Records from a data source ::
____
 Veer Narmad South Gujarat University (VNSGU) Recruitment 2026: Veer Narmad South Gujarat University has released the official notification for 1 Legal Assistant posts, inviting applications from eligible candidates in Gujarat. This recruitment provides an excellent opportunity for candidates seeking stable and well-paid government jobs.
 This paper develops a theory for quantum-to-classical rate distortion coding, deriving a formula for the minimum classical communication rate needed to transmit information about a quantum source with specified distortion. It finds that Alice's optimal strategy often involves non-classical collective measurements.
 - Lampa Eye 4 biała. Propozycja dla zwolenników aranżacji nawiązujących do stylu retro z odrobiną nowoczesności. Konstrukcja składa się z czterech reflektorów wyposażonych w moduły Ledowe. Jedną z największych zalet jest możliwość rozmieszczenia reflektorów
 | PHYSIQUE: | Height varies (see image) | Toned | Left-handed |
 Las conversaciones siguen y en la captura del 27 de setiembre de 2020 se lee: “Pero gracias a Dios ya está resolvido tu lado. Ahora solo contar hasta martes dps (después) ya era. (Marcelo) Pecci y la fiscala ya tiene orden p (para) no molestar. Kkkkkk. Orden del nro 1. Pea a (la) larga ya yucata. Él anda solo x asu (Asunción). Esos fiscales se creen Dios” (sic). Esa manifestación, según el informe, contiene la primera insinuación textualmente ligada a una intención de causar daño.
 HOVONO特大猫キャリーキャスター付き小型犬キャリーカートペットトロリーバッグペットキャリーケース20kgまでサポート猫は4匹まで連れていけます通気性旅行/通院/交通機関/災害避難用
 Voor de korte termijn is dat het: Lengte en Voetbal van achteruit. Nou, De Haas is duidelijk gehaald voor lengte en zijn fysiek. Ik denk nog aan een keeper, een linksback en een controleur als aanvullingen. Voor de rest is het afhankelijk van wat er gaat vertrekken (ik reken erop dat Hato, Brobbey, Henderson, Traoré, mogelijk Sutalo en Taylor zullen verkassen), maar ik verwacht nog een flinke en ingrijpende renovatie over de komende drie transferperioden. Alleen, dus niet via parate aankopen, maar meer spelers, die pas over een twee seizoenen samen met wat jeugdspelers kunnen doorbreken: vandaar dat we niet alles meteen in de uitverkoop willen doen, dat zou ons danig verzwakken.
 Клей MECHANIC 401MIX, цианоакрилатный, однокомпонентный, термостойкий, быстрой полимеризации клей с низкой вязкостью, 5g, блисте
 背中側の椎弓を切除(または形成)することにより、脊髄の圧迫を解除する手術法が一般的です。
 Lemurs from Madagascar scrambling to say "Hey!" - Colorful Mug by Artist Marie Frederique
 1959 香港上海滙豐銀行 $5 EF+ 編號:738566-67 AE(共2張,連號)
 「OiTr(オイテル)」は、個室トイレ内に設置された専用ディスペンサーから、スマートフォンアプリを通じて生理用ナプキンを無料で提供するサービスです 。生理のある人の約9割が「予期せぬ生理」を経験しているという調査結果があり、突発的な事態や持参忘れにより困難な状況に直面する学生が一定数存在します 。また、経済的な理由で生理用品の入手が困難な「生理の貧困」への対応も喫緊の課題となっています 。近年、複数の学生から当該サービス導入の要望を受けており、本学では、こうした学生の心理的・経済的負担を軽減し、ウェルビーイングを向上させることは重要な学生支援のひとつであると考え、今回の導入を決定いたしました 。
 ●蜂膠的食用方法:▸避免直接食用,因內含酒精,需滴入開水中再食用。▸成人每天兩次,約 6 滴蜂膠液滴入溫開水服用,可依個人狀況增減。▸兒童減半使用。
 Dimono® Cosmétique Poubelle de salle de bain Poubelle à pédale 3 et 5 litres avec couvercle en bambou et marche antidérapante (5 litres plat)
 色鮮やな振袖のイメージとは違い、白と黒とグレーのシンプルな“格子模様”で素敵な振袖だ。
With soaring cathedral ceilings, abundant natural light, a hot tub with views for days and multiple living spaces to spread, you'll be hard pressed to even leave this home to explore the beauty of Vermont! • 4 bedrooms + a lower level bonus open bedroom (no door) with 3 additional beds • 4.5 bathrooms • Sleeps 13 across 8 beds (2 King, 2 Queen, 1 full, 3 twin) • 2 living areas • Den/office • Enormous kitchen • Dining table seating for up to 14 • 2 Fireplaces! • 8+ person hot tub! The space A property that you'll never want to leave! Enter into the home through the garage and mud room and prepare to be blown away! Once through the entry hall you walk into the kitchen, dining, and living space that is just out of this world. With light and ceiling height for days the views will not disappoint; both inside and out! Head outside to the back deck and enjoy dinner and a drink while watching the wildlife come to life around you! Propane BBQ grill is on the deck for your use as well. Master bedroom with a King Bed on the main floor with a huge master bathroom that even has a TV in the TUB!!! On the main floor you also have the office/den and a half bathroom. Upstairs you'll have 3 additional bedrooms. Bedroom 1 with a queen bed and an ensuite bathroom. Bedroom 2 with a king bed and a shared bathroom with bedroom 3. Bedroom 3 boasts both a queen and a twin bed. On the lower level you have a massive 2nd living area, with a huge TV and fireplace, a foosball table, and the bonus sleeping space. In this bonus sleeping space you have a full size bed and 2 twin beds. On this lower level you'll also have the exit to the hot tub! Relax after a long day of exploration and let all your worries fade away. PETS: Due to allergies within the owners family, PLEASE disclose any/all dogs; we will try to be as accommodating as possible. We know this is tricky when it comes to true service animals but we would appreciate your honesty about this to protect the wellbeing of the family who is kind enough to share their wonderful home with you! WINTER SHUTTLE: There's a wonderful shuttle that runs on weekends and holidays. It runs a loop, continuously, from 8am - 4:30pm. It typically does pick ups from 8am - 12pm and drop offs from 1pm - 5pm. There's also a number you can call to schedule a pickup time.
____
Problem statement ::
Nothing in the records may be left out; transcribe all of them exactly.

Task answer ::
 Veer Narmad South Gujarat University (VNSGU) Recruitment 2026: Veer Narmad South Gujarat University has released the official notification for 1 Legal Assistant posts, inviting applications from eligible candidates in Gujarat. This recruitment provides an excellent opportunity for candidates seeking stable and well-paid government jobs.
 This paper develops a theory for quantum-to-classical rate distortion coding, deriving a formula for the minimum classical communication rate needed to transmit information about a quantum source with specified distortion. It finds that Alice's optimal strategy often involves non-classical collective measurements.
 - Lampa Eye 4 biała. Propozycja dla zwolenników aranżacji nawiązujących do stylu retro z odrobiną nowoczesności. Konstrukcja składa się z czterech reflektorów wyposażonych w moduły Ledowe. Jedną z największych zalet jest możliwość rozmieszczenia reflektorów
 | PHYSIQUE: | Height varies (see image) | Toned | Left-handed |
 Las conversaciones siguen y en la captura del 27 de setiembre de 2020 se lee: “Pero gracias a Dios ya está resolvido tu lado. Ahora solo contar hasta martes dps (después) ya era. (Marcelo) Pecci y la fiscala ya tiene orden p (para) no molestar. Kkkkkk. Orden del nro 1. Pea a (la) larga ya yucata. Él anda solo x asu (Asunción). Esos fiscales se creen Dios” (sic). Esa manifestación, según el informe, contiene la primera insinuación textualmente ligada a una intención de causar daño.
 HOVONO特大猫キャリーキャスター付き小型犬キャリーカートペットトロリーバッグペットキャリーケース20kgまでサポート猫は4匹まで連れていけます通気性旅行/通院/交通機関/災害避難用
 Voor de korte termijn is dat het: Lengte en Voetbal van achteruit. Nou, De Haas is duidelijk gehaald voor lengte en zijn fysiek. Ik denk nog aan een keeper, een linksback en een controleur als aanvullingen. Voor de rest is het afhankelijk van wat er gaat vertrekken (ik reken erop dat Hato, Brobbey, Henderson, Traoré, mogelijk Sutalo en Taylor zullen verkassen), maar ik verwacht nog een flinke en ingrijpende renovatie over de komende drie transferperioden. Alleen, dus niet via parate aankopen, maar meer spelers, die pas over een twee seizoenen samen met wat jeugdspelers kunnen doorbreken: vandaar dat we niet alles meteen in de uitverkoop willen doen, dat zou ons danig verzwakken.
 Клей MECHANIC 401MIX, цианоакрилатный, однокомпонентный, термостойкий, быстрой полимеризации клей с низкой вязкостью, 5g, блисте
 背中側の椎弓を切除(または形成)することにより、脊髄の圧迫を解除する手術法が一般的です。
 Lemurs from Madagascar scrambling to say "Hey!" - Colorful Mug by Artist Marie Frederique
 1959 香港上海滙豐銀行 $5 EF+ 編號:738566-67 AE(共2張,連號)
 「OiTr(オイテル)」は、個室トイレ内に設置された専用ディスペンサーから、スマートフォンアプリを通じて生理用ナプキンを無料で提供するサービスです 。生理のある人の約9割が「予期せぬ生理」を経験しているという調査結果があり、突発的な事態や持参忘れにより困難な状況に直面する学生が一定数存在します 。また、経済的な理由で生理用品の入手が困難な「生理の貧困」への対応も喫緊の課題となっています 。近年、複数の学生から当該サービス導入の要望を受けており、本学では、こうした学生の心理的・経済的負担を軽減し、ウェルビーイングを向上させることは重要な学生支援のひとつであると考え、今回の導入を決定いたしました 。
 ●蜂膠的食用方法:▸避免直接食用,因內含酒精,需滴入開水中再食用。▸成人每天兩次,約 6 滴蜂膠液滴入溫開水服用,可依個人狀況增減。▸兒童減半使用。
 Dimono® Cosmétique Poubelle de salle de bain Poubelle à pédale 3 et 5 litres avec couvercle en bambou et marche antidérapante (5 litres plat)
 色鮮やな振袖のイメージとは違い、白と黒とグレーのシンプルな“格子模様”で素敵な振袖だ。
With soaring cathedral ceilings, abundant natural light, a hot tub with views for days and multiple living spaces to spread, you'll be hard pressed to even leave this home to explore the beauty of Vermont! • 4 bedrooms + a lower level bonus open bedroom (no door) with 3 additional beds • 4.5 bathrooms • Sleeps 13 across 8 beds (2 King, 2 Queen, 1 full, 3 twin) • 2 living areas • Den/office • Enormous kitchen • Dining table seating for up to 14 • 2 Fireplaces! • 8+ person hot tub! The space A property that you'll never want to leave! Enter into the home through the garage and mud room and prepare to be blown away! Once through the entry hall you walk into the kitchen, dining, and living space that is just out of this world. With light and ceiling height for days the views will not disappoint; both inside and out! Head outside to the back deck and enjoy dinner and a drink while watching the wildlife come to life around you! Propane BBQ grill is on the deck for your use as well. Master bedroom with a King Bed on the main floor with a huge master bathroom that even has a TV in the TUB!!! On the main floor you also have the office/den and a half bathroom. Upstairs you'll have 3 additional bedrooms. Bedroom 1 with a queen bed and an ensuite bathroom. Bedroom 2 with a king bed and a shared bathroom with bedroom 3. Bedroom 3 boasts both a queen and a twin bed. On the lower level you have a massive 2nd living area, with a huge TV and fireplace, a foosball table, and the bonus sleeping space. In this bonus sleeping space you have a full size bed and 2 twin beds. On this lower level you'll also have the exit to the hot tub! Relax after a long day of exploration and let all your worries fade away. PETS: Due to allergies within the owners family, PLEASE disclose any/all dogs; we will try to be as accommodating as possible. We know this is tricky when it comes to true service animals but we would appreciate your honesty about this to protect the wellbeing of the family who is kind enough to share their wonderful home with you! WINTER SHUTTLE: There's a wonderful shuttle that runs on weekends and holidays. It runs a loop, continuously, from 8am - 4:30pm. It typically does pick ups from 8am - 12pm and drop offs from 1pm - 5pm. There's also a number you can call to schedule a pickup time.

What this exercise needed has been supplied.